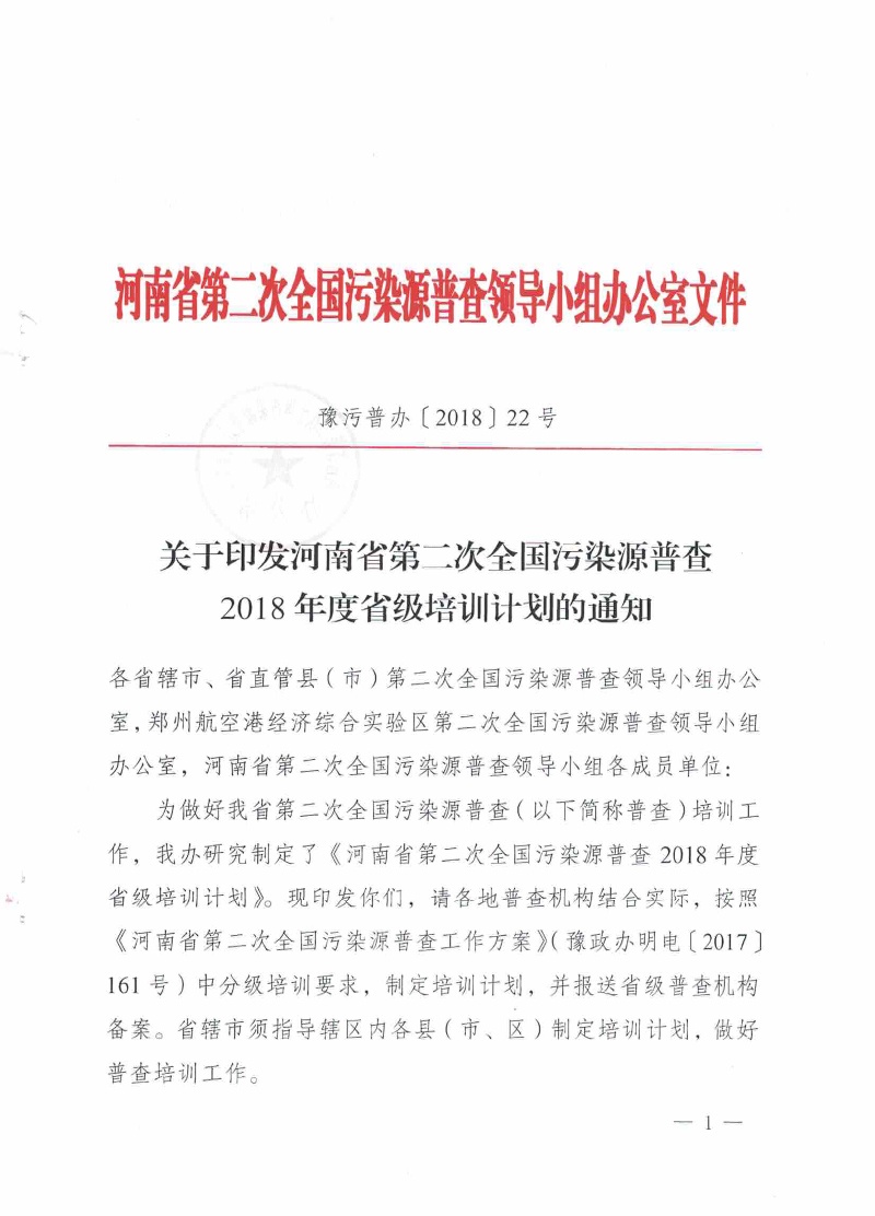 豫污普辦【2018】22號關(guān)于印發(fā)河南省第二次全國污染源普查2018年度省級培訓(xùn)計劃的通知
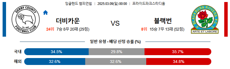 더비 대 블랙번 잉글랜드챔피언쉽 03월09일 맞대결 생중계, 스포츠중계, 스포츠분석
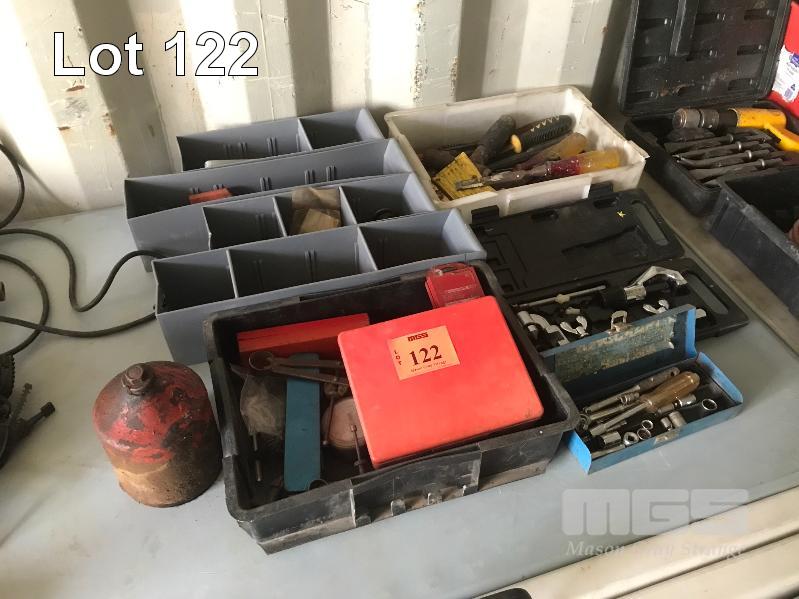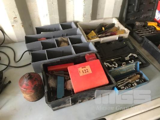 ASSORTED TOOLS & SOCKET SET, 2 x TUBS & PLASTIC TRAYS
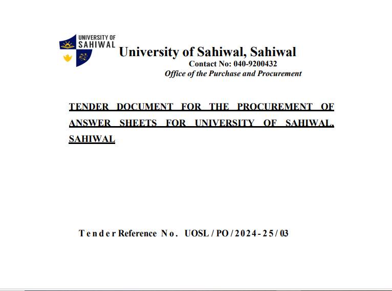 Tender document for the procurement of Answer Sheets for University of Sahiwal. Closing Time and Date: 11:00 am & 06.03.2025 Click Here to Download
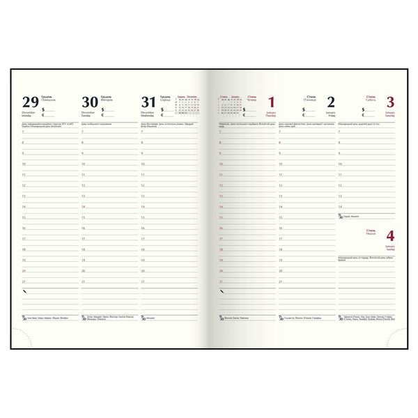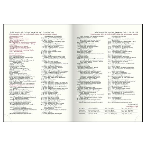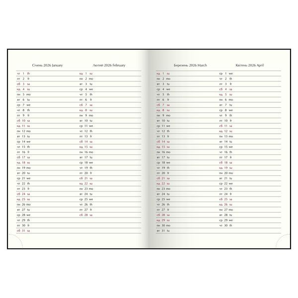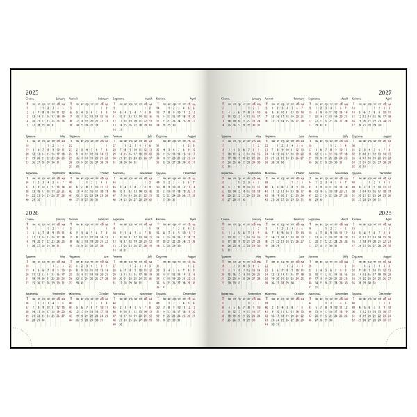 Жорстка обкладинка зі штучної шкіри щотижневика ORION водночас оригінальна та лаконічна. Фактура обкладинки імітує фактуру натуральної шкіри. Гармонійно доповнює дизайн обкладинки сліпе тиснення року на лицьовій стороні та декоративний шов по периметру та поперек обкладинки. Великий формат дозволяє не тільки планувати, але й робити змістовні нотатки та записи. Формат А4 136 сторінок Внутрішній блок: офсетний папір кремового кольору щільністю 70 г/м² Закладка-лясе в колір обкладинки Перфоровані куточки аркушів Друк блоку в 2 кольори: сірий і бордовий Дві мови блоку: українська, англійська Мапи України та Європи на форзацах Індивідуальна упаковка: картонна коробка Структура внутрішнього блоку: Сторінка для внесення особистої інформації Календарі на 2025 - 2028 роки Планінг на 2026 рік Інформаційно-довідковий блок: національні, релігійні, професійні свята та пам'ятні дати, знаки зодіаку, телефонні коди мобільних операторів та обласних центрів України, літерні автомобільні коди країн, таблиця відстаней між обласними центрами України, довідник систем вимірювання, міжнародні знаки відповідності, знаки догляду за одягом На одній сторінці вертикально розміщено три/чотири дні тижня (субота і неділя - вертикальне розташування на одній частині), з організатором часу від 7:00 до 21:00, вказівкою місяця, року, дня тижня та дати, календар на поточний/наступний місяць, іменинники, знаки зодіаку, свята та пам'ятні дати Алфавітна книга для внесення контактів Щотижневик BUROMAX - незамінний помічник в плануванні Вашого робочого часу! На цій моделі щотижневика можливо тиснення сліпим методом та методом фольгування.
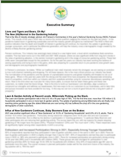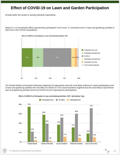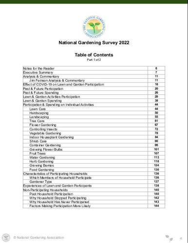 The 2022 National Gardening Survey is the comprehensive market research report that leaders in the lawn and garden industry count on each year to track the market and help them make strategic marketing decisions. Conducted annually since 1973, the Survey provides in-depth and up-to-date marketing information on industry trends, household participation, consumer profiles, gardeners' attitudes, and retail sales.
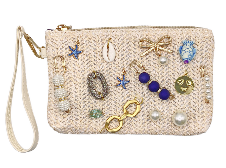 Experience luxury and uniqueness with our Charm Wristlet, featuring hand-curated charms on a stylish woven straw design. Perfect for a day at the beach or a night on the town, this one-of-a-kind wristlet is a must-have for any fashion-forward individual. Elevate your style and make a statement with our Charm Wristlet.
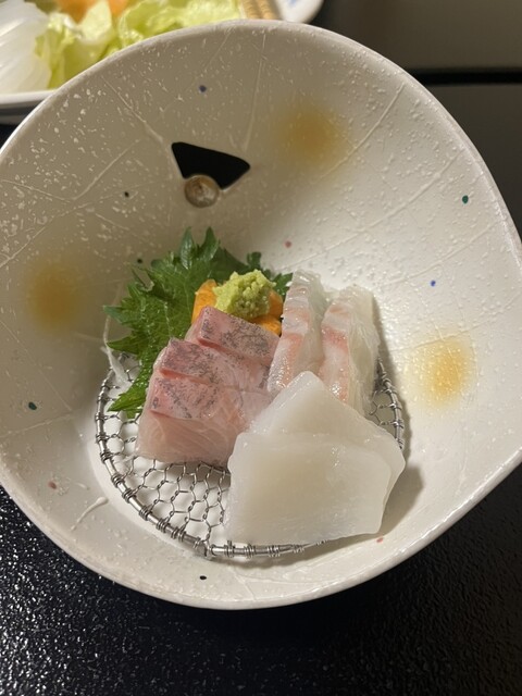 蟹刺し甘い!!鮮魚刺しも美味しい!いか、カンパチ、鯛の3点盛りでした( ´∀`)
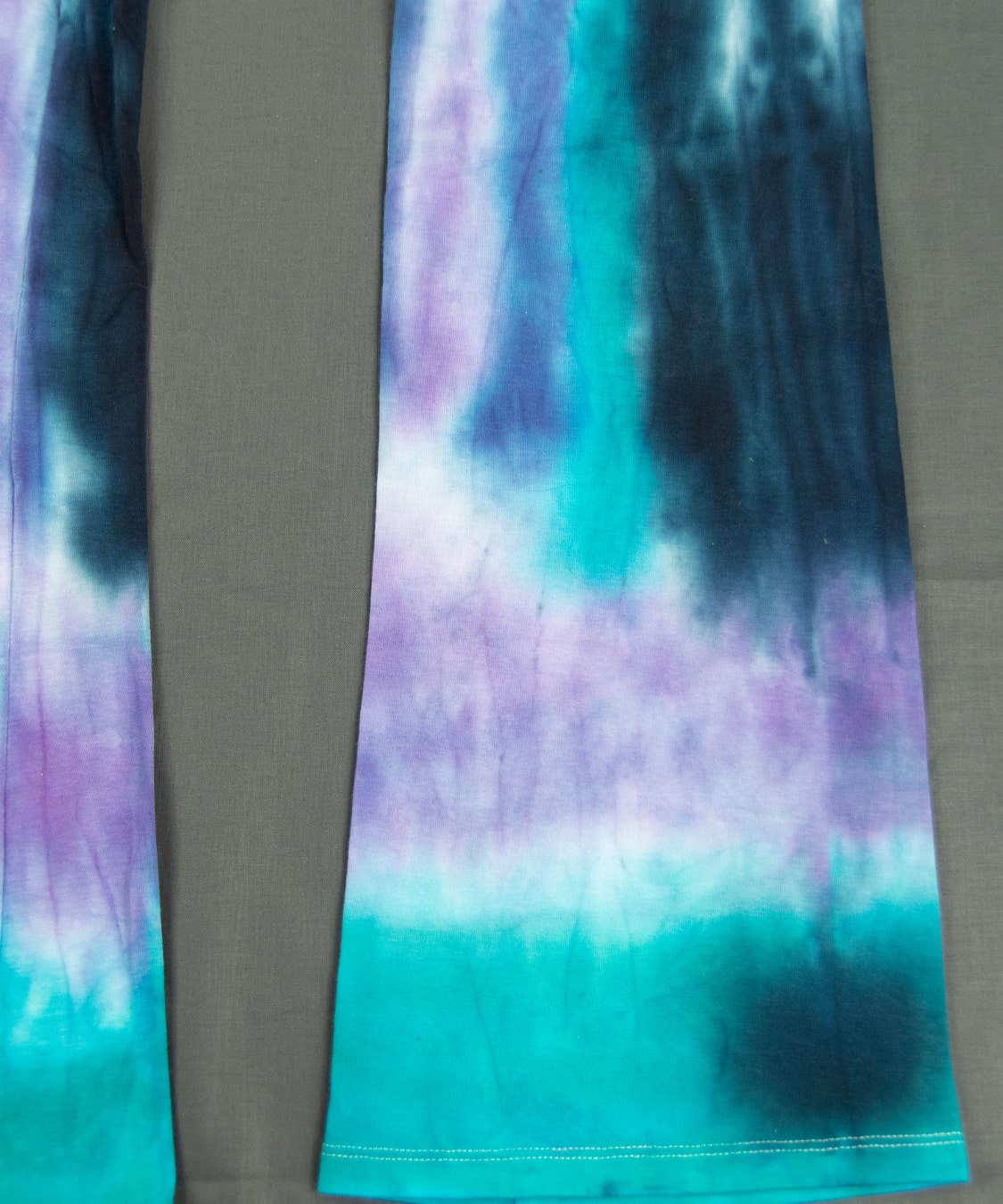 Jeanne intricately hand-dyes each item with love and care, making them completely one-of-a-kind. The variations in our tie dye clothing are what makes them truly unique, beautiful, and completely original. Some dye speckling is normal, and a part of the magic.
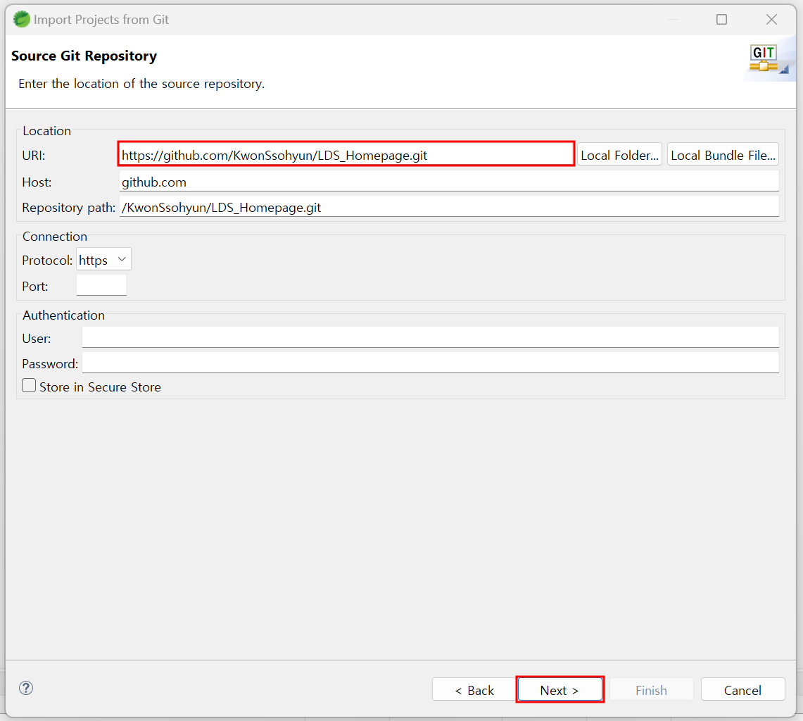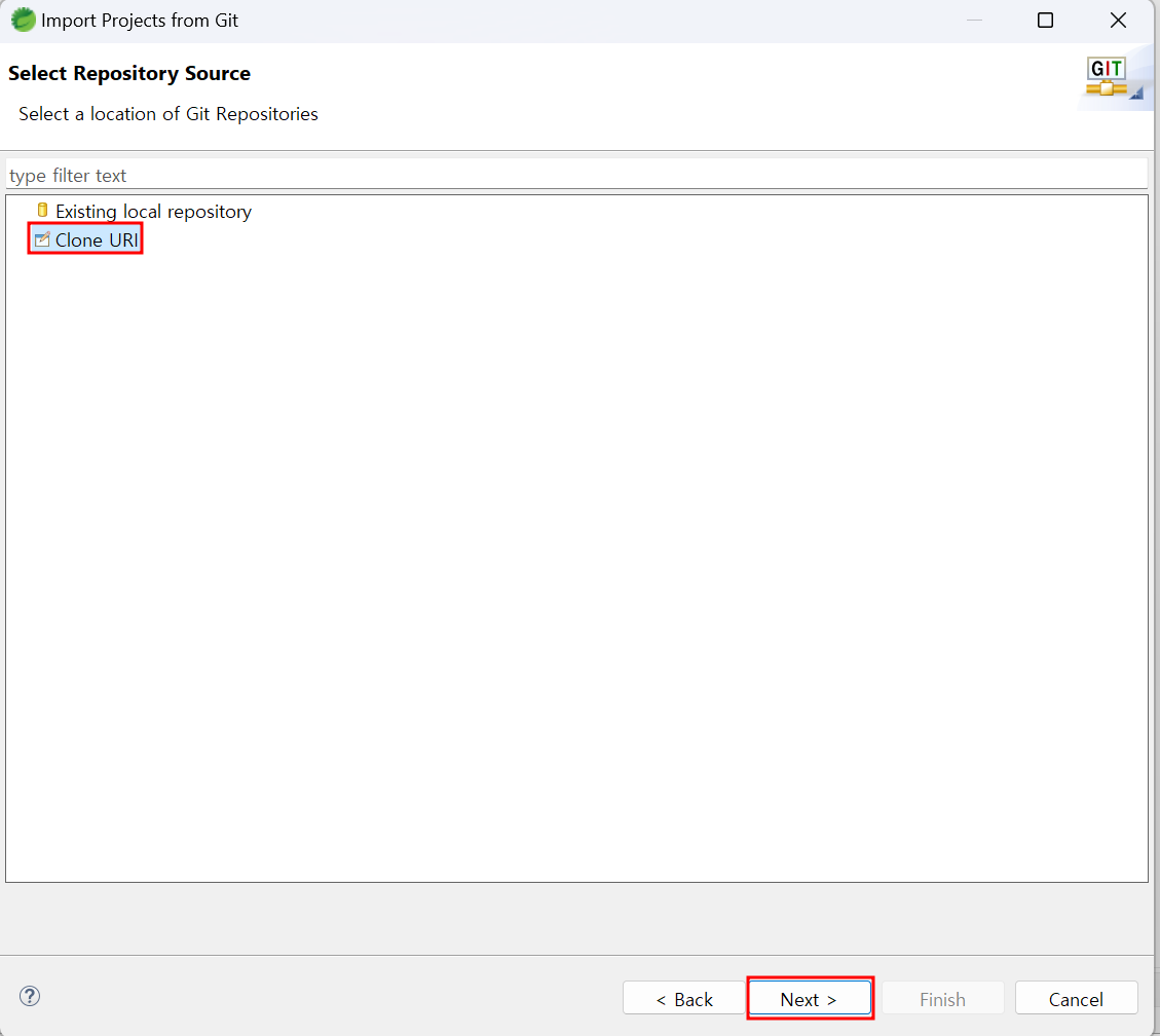 2. Clone URI 선택 ▶ Next 선택

________

The problem:
Retype all of the listing word for word and skip the pictures.

Output of the task:
 豫污普辦【2018】22號關(guān)于印發(fā)河南省第二次全國污染源普查2018年度省級培訓(xùn)計劃的通知
 더비 대 블랙번 잉글랜드챔피언쉽 03월09일 맞대결 생중계, 스포츠중계, 스포츠분석
 ASSORTED TOOLS & SOCKET SET, 2 x TUBS & PLASTIC TRAYS
 Tender document for the procurement of Answer Sheets for University of Sahiwal. Closing Time and Date: 11:00 am & 06.03.2025 Click Here to Download
 Жорстка обкладинка зі штучної шкіри щотижневика ORION водночас оригінальна та лаконічна. Фактура обкладинки імітує фактуру натуральної шкіри. Гармонійно доповнює дизайн обкладинки сліпе тиснення року на лицьовій стороні та декоративний шов по периметру та поперек обкладинки. Великий формат дозволяє не тільки планувати, але й робити змістовні нотатки та записи. Формат А4 136 сторінок Внутрішній блок: офсетний папір кремового кольору щільністю 70 г/м² Закладка-лясе в колір обкладинки Перфоровані куточки аркушів Друк блоку в 2 кольори: сірий і бордовий Дві мови блоку: українська, англійська Мапи України та Європи на форзацах Індивідуальна упаковка: картонна коробка Структура внутрішнього блоку: Сторінка для внесення особистої інформації Календарі на 2025 - 2028 роки Планінг на 2026 рік Інформаційно-довідковий блок: національні, релігійні, професійні свята та пам'ятні дати, знаки зодіаку, телефонні коди мобільних операторів та обласних центрів України, літерні автомобільні коди країн, таблиця відстаней між обласними центрами України, довідник систем вимірювання, міжнародні знаки відповідності, знаки догляду за одягом На одній сторінці вертикально розміщено три/чотири дні тижня (субота і неділя - вертикальне розташування на одній частині), з організатором часу від 7:00 до 21:00, вказівкою місяця, року, дня тижня та дати, календар на поточний/наступний місяць, іменинники, знаки зодіаку, свята та пам'ятні дати Алфавітна книга для внесення контактів Щотижневик BUROMAX - незамінний помічник в плануванні Вашого робочого часу! На цій моделі щотижневика можливо тиснення сліпим методом та методом фольгування.
 The 2022 National Gardening Survey is the comprehensive market research report that leaders in the lawn and garden industry count on each year to track the market and help them make strategic marketing decisions. Conducted annually since 1973, the Survey provides in-depth and up-to-date marketing information on industry trends, household participation, consumer profiles, gardeners' attitudes, and retail sales.
 Experience luxury and uniqueness with our Charm Wristlet, featuring hand-curated charms on a stylish woven straw design. Perfect for a day at the beach or a night on the town, this one-of-a-kind wristlet is a must-have for any fashion-forward individual. Elevate your style and make a statement with our Charm Wristlet.
 蟹刺し甘い!!鮮魚刺しも美味しい!いか、カンパチ、鯛の3点盛りでした( ´∀`)
 Jeanne intricately hand-dyes each item with love and care, making them completely one-of-a-kind. The variations in our tie dye clothing are what makes them truly unique, beautiful, and completely original. Some dye speckling is normal, and a part of the magic.
 2. Clone URI 선택 ▶ Next 선택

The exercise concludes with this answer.